Huawei App Gallery offers to “upgrade” to a lower version

However, the biggest problem in a pre-veto mobile is the inconsistency between the store and the protection of the system, which can cause Apps installed from App Gallery do not pass the Play Protect filter. In this way, you install an application from Google Play, it is updated from Huawei App Gallery and then Play Protect blocks it. You will need to reinstall the Google Play version to use that app (or disable Play Protect).

Fortunately, it is easy to put peace between Google Play and App Gallery. In the Huawei store settings, you can disable Update notifications and Update automatically via Wi-Fi. When you open the Huawei App Gallery, you will be shown that there are possible updates to other applications, but they will not be updated automatically and you will not receive notifications on your mobile after installing apps from Google Play.

Notif

Many duplicate services

That mobiles with loaded customization layers have duplicate apps it is not something new. It has been happening since the beginning of Android, although this is somewhat more pronounced in the case of Huawei phones with both systems. Not so much for the applications, but for the services.
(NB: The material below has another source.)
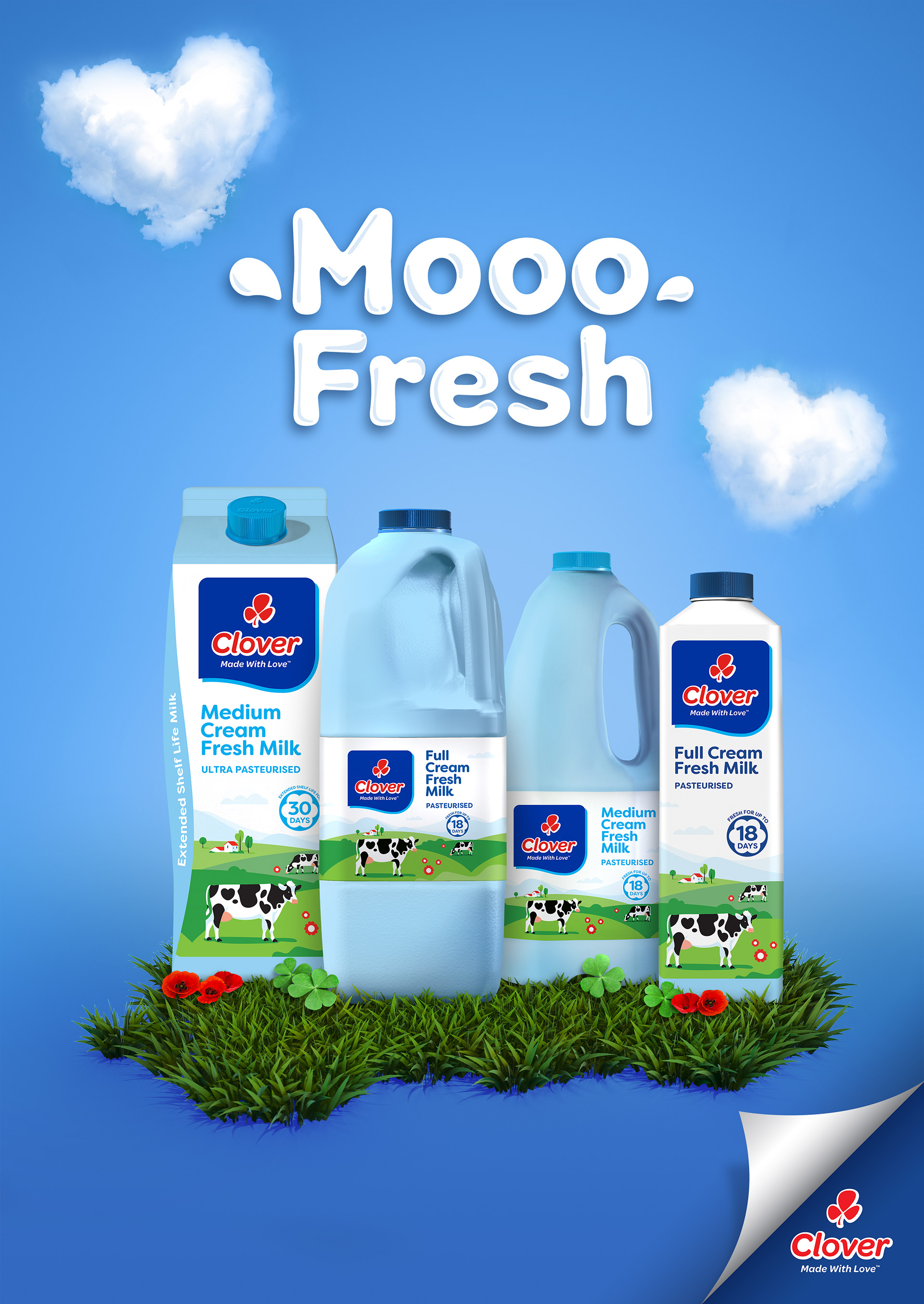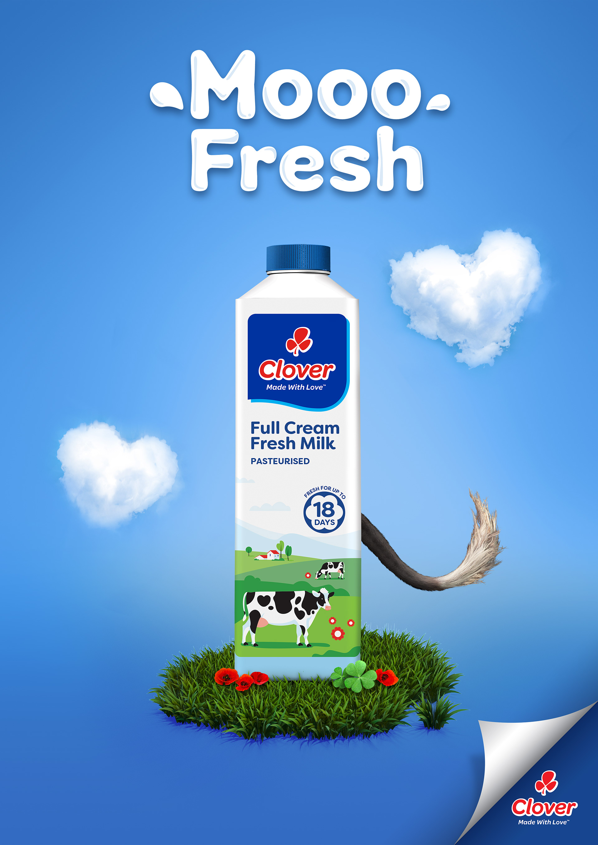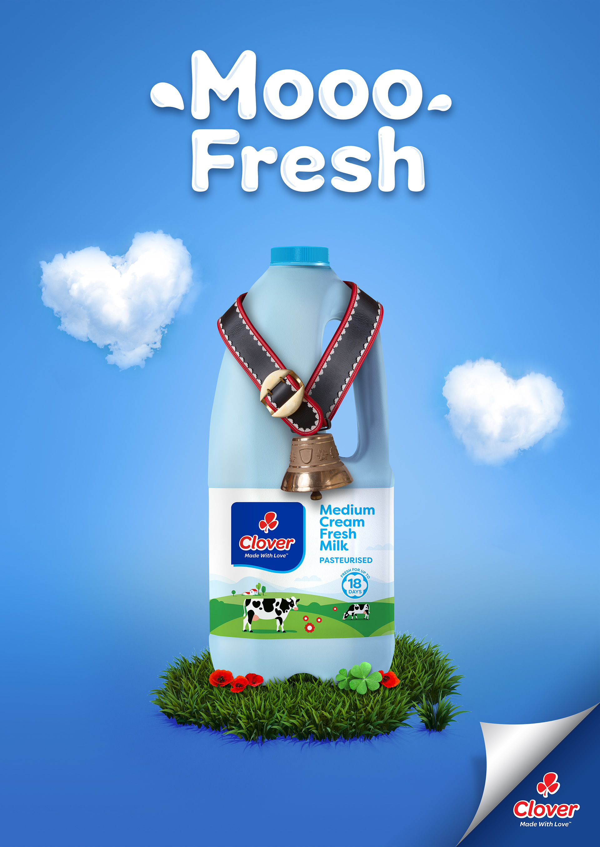 Using the funky 'Mooo Fresh' logo supplied, we were asked to create a few striking key visual layouts advertising the new Clover-branded milk packaging, accentuating the 'cow-fresh' quality of the milk inside the new packs!

It is normal for each manufacturer to include their own services to manage their unique functions, accounts, synchronizations, cloud storages and similar functions. Huawei already did it before, but Huawei’s pre-veto services and those that have come after are very different. Huawei has had to include in your HMS many functions that were previously in Google’s, increasing the size and resource consumption of its services.

Hms

The expected mobiles include the full suite of Google and Huawei services

Take for example Huawei Mobile Services 2.6.5.306, the latest version before the US ban. Its APK was 67.62 MB. Going back to the present, the latest version APK, Huawei Mobile Services 5.0.1.313 occupies 94 MB, 39% more. It is not an excessive number, but it is not the only application that is part of Huawei’s services and, remember, these mobiles have Google services in operation at the same time. As of today, the Google app alone occupies about 400 MB.

Beyond storage space, having two systems that do basically the same thing also means double resource consumption. Again, it is not an excessive figure and you will hardly notice a change in a current mobile, although it must also be remembered that pre-veto mobiles already have at least one year of life and in some cases they do not have much power.